Prefix/suffix troubles

  • PERJUDICE and PERDJUICE for prejudice (think “pre judge” not “smoothie of perdition”)
  • PERCISE for precise (the -cise here is like in incision, so think “pre cut”)
  • ADAMIT for adamant (think “Wolverine has adamantium claws, not adamittens”)
  • AMETURE for amateur (the ama is about love, the -teur is for a doer, like actor in French is acteur; so think “French lover”)

Missing letters

  • AQUAINTED for acquainted (from the 1300s to about 1600 it didn’t have a “c” in English, you were born too late)
  • IFARED for infrared (awesome, don’t ever change)
  • TONSILECTOMY for tonsillectomy (two tonsils, two l’s to remove them)
  • ACHIEVMENT for achievement (spell “achieve” then add “ment”)
  • HIERACHICAL for hierarchical (sound it out?)

Just plain hard

  • EARY for eerie (at the end of the 18th century, suddenly English writers decided this word really needed a double “e,” sorry)
  • THROROUGH for thorough (this is probably just a typo)
  • INDITE for indict (the ending is related to dictionary or dictate–it’s talking about “saying,” you’re declaring an accusation)
  • IMAGRATION for immigration (look for “migrant” inside the word)

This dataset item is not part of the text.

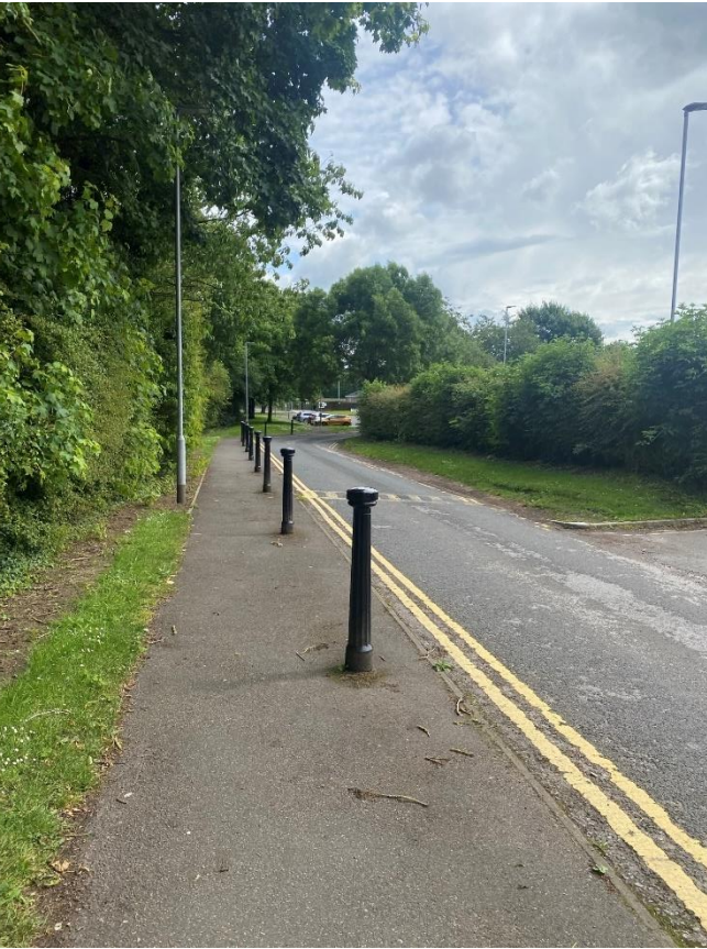
Entrance/Exit walkway from/to the festival.

Studying nonstandard spellings also suggests some words that need to exist. An argu(e)ment can be made that assertation is a misspelling of assertion, but I would like to think it means something else. Like when someone just goes on and on asserting stuff to point that it feels like they’re reading you a dissertation.

But the word that is the best word in the whole data set and most needs your use and definitions: indiscrepancy. Go get it, Internet.

(Want to learn more about the many pronunciations of -ough? Check out our slideshow here.)


  1. web hosting -  February 4, 2014 - 11:53 am

    I remember writing “cushion” for ‘Cousin’ only once though!

  2. THE REAL wolf tamer and coal miner -  February 3, 2014 - 3:30 am

    @ the “wolf tamer and coal miner” who posted:

    “So, I’ve decided to quit minecraft because I think it’s really lame. Also I’d like to take this opportunity to admit that I have no idea how to tame wolves or punch trees or anything else like that. I’m very sorry.”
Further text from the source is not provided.